Another thing that worries me is your statement that you pity anyone who tries to take a marrow bone away from her. If you were serious, this tells me that the problem isn't with the grooming table, it's with your puppy's idea of where she fits in with the order of the pack. I think you need to work on her "too big for her britches" attitude before it escalates and starts flowing over to other areas, such as when you tell her to move if she's in your way, etc. 




Finn's Fan said:


> I wouldn't take her off the table and stop the grooming when she growls and nips. That reinforces that nasty behavior works like a charm. Even if you want to stop the nail clipping, you might want to switch to combing or something else while still on the table. Wait a bit to break the growl/nip/"yay I got to get down" connection. Welcome to puppy adolescence


----------



## Florabora22 (Nov 30, 2008)

hotel4dogs said:


> I think what Finn's Fan said can't be overemphasized. You've already taught her now that growling and nipping works. You're going to have to un-teach it by keeping her on the table when she starts. If she quickly sees that it gets her nowhere, she's much more likely to stop doing it.
> One thing I would suggest, though, is never try to do all the paws on one day at her age. Do ONE paw. Then praise her and let her down. Maybe even clip one nail, give her a treat, clip another, another treat. Let her learn that this, although not her favorite thing, isn't really all that horrible. Use high value treats.
> Another thing that worries me is your statement that you pity anyone who tries to take a marrow bone away from her. If you were serious, this tells me that the problem isn't with the grooming table, it's with your puppy's idea of where she fits in with the order of the pack. I think you need to work on her "too big for her britches" attitude before it escalates and starts flowing over to other areas, such as when you tell her to move if she's in your way, etc.



Well, I suppose I mislead you. When she growled the first time, I stopped clipping and moved on to giving her a quick brush with a comb and then I took her off the table. The second time she growled I was in the process of taking her off the table, so I don't know what that was about.

And I usually try and do 2 or 3 nails at a time. I'm lucky if I can get 1 done because she's so squirmy. I don't want to nick her quick again!

The marrow bone thing was sort of a joke. She'll usually bring one up to me after she's been chewing on it a while and growl playfully and shove it in my face and try to get me to play with it, but that totally grosses me out so I usually just leave it alone. I did try moving a marrow bone onto a blanket to keep her bed clean when she was in her crate eating it, and she gave me a warning growl. I ignored it and continued to move the bone anyways and she didn't do anything, but I sort of figure it was unfair of me to meddle with her while she was in her crate. I just hated the thought of blood getting on her bed. :

I think she's just testing her boundaries at this point. We've noticed a change in her behavior over the last week or so - she a lot more nippy, a lot more demanding, and we're working on letting her know that that sort of behavior isn't going to do anything in her favor.


----------



## fostermom (Sep 6, 2007)

I think you need to go back to square one and start making the grooming table a great place to be.

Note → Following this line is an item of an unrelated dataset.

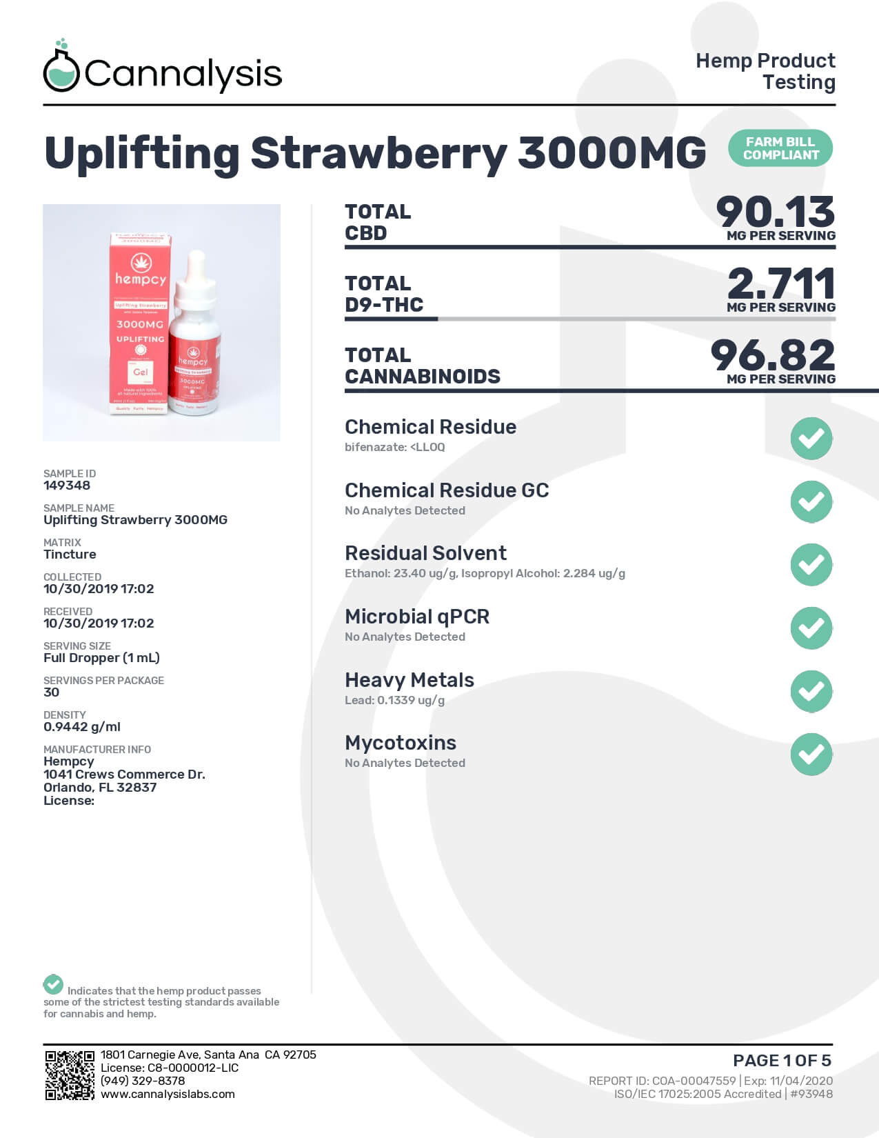 Hempcy CBD Tincture Uplifting Strawberry 3000mg Lab Report

Put her up there and give her a treat. Take her back down. Do that over and over. Then add in picking up her foot and giving her a treat while you are holding her foot (as long as she isn't growling or yanking away. As soon as she is not squirming give her a treat). This will begin to reinforce that being up on the table and being handled is a good thing.


----------



## Sqwumpkin (Jan 28, 2009)

What age is your pup?


----------



## Florabora22 (Nov 30, 2008)

She's 4 months.

Fostermom - I was doing that yesterday, actually, since I decided she needed a little more reassuring that the grooming table was a nice place. I would pick up her paw, massage it a little, then click and treat. I would tap the clipper against her paw, and click and treat. It's good advice, I'll continue to do it. 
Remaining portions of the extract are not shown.